As Savi Thompson bonded with classmates during her first year at Carnegie Mellon, she realized how other friendships in her life have shaped her. Thompson has known her best friend for almost a decade, and they remained close even after Thompson moved from Cincinnati to Pittsburgh during high school. "It's refreshing to have someone who has seen you go through different stages of who you are," she says.

At CMU, Thompson has noticed the ways people come together to make each other feel good, like complimenting those who inspire them. She quickly found a way to add something.
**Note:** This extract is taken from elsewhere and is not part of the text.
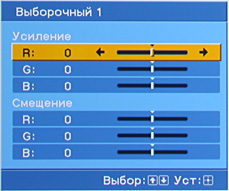 Стандартный набор настроек — Контраст, Яркость, Цветность (насыщенность), Оттенок, Цвет. темп. (Высокий, Средний, Низкий 1, Низкий 2и 5 настраиваемых профилей с регулировкой усиления и смещения трех основных цветов) и Резкость —

After taking a Star Wars course through the Student College (StuCo) in the fall of her first year, Thompson founded a Star Wars club with a few friends. They want it to be a place where students can come to unwind from academics. "That extends to all people, whether you've watched every piece of Star Wars media or never heard of it before," says Thompson.

The lightsaber training that Thompson runs on the weekends is open to anyone who walks by. "If you want to learn, we can teach you," she says. At each practice, they warm-up with basic lightsaber spins and learn new styles and tricks. Then, Thompson and other club leaders teach a choreographed duel. They're working on the duel between Obi-Wan and Anakin from Star Wars: Episode III – Revenge of the Sith. Thompson has the whole duel memorized.

Back in our galaxy, undergraduate research also brought Thompson to the cosmic frontier. She worked with Matteo Cremonesi, assistant professor of physics. Because of Thompson's unique skills and perspective as a chemical engineering major interested in quantum physics, Cremonesi connected her with the Cosmic Quantum team at Fermi National Accelerator Laboratory (Fermilab). They are using superconducting qubits to detect particle interactions.

Thompson helped the team refine its measurement taking. During her summer internship, she recalibrated the parameters of a newly-installed board. "There is a lot more fine tuning than you might think. I had to look at a range of amplification and a range of frequencies, for example, before I found the essential values necessary in order to take more interesting measurements," she says.

Because the Cosmic Quantum team uses a remote system, Thompson continued her research from campus in the fall. She wrote code to send information to the computer linked to the team's qubit setup. That computer then sends information to the board on the device, which plays the stimuli and takes the measurements.

The device that Thompson worked with is housed in a dilution refrigerator underground. It isn't always cold enough to take the measurements that her group needed, so Thompson learned about the refrigeration system and the qubits.

We tend to look at things at the macroscopic level, or we’ll break it down to atoms and molecules, but what about beyond that?

Savi Thompson, Undergraduate student, Chemical Engineering

Thompson is fascinated by finding ways to describe things that we cannot see. "I am interested in figuring out the fundamentals of how the universe actually works," she says. "We tend to look at things at the macroscopic level, or we'll break it down to atoms and molecules, but what about beyond that?"

Even while focusing on larger scale processes in her chemical engineering classes, Thompson is learning problem solving skills that apply to her research interests. "You need to be able to look at a system, break it down into manageable pieces, describe what is going on, and know when it's fair to make assumptions," she says.

Thompson chose to major in chemical engineering because the degree gives her access to many industries, as well as to careers in research. "Do I want my work to be applied or basic? Do I want to work in manufacturing or research and development? As I navigate those decisions, the chemical engineering degree gives me what I need for any of those paths," she says.